TABLE-US-00009 Ingredients Amount (wt %) Water 75.15 Panthenol 1 Allantoin 0.6 Oat kernel extract 2 Glyerin 6 Hydrolyzed sodium hyaluronate 0.5 Glycereth-26 2 Xanthan gum 0.1 Glyeryl caprylate/caprate 2 Shea butter 1 Cetyl alcohol 1 Glyceryl stearate/PEG-100 stearate 1.5 SIMUGEL EG 1 Pentaerythritol tetra(2-ethyl hexanoate) 3 Polydimethylsiloxane 2 Methyl hydroxybenzoate 0.2 Propyl hydroxybenzoate 0.1 Carbomer 0.1 Phenoxyethanol 0.4 Caprylyl glycol 0.05 arginine 0.3

[0094] The above anti-allergic facial cream composition was prepared as follows:

[0095] 1. Aqueous phase: water, glycerin, panthenol, allantoin, hydrolyzed sodium hyaluronate, glycereth-26, xanthan gum, carbomer, and methyl hydroxybenzoate;

[0096] 2. Oil phase: cetyl alcohol, caprylate/caprate, pentaerythritol tetra(2-ethyl hexanoate), glyceryl stearate/PEG-100 stearate, shea butter, polydimethylsiloxane, propyl hydroxybenzoate. The raw materials were heated to 80° C., stirred and dissolved uniformly;

[0097] 3. The aqueous phase and the oil phase were mixed and homoemulsified for 5 mins, upon the completion of the emulsification, arginine dissolved in water was added, stirred for 15 mins, cooled to 40° C., and added with oat kernel extract, phenoxyethanol and caprylyl glycol in turn.

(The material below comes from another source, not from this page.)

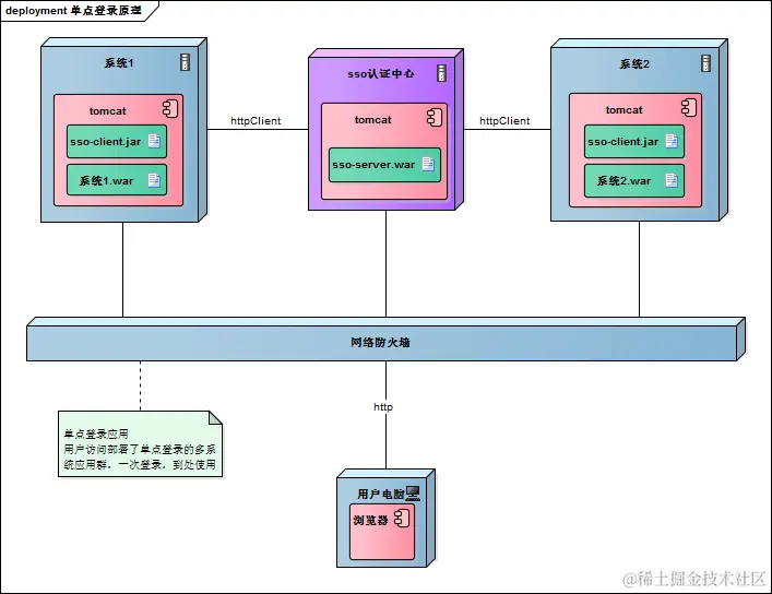 单点登录涉及 sso 认证中心与众子系统,子系统与 sso 认证中心需要通信以交换令牌、校验令牌及发起注销请求,因而子系统必须集成 sso 的客户端,sso 认证中心则是 sso 服务端,整个单点登录过程实质是 sso 客户端与服务端通信的过程,用下图描述

[0098] The facial cream exhibited excellent anti-allergy, soothing and other effects in skin care.

[0099] The technical solutions of the above examples were preferred embodiments of the present invention. In addition, the soothing and anti-sensitive composition of the present invention can be applied to various cosmetics such as essence, BB cream, sunscreen and so on. Some improvements and changes can be made without departing from the principles of the present invention, and such improvements and changes should also be considered in the protection scope of the present invention.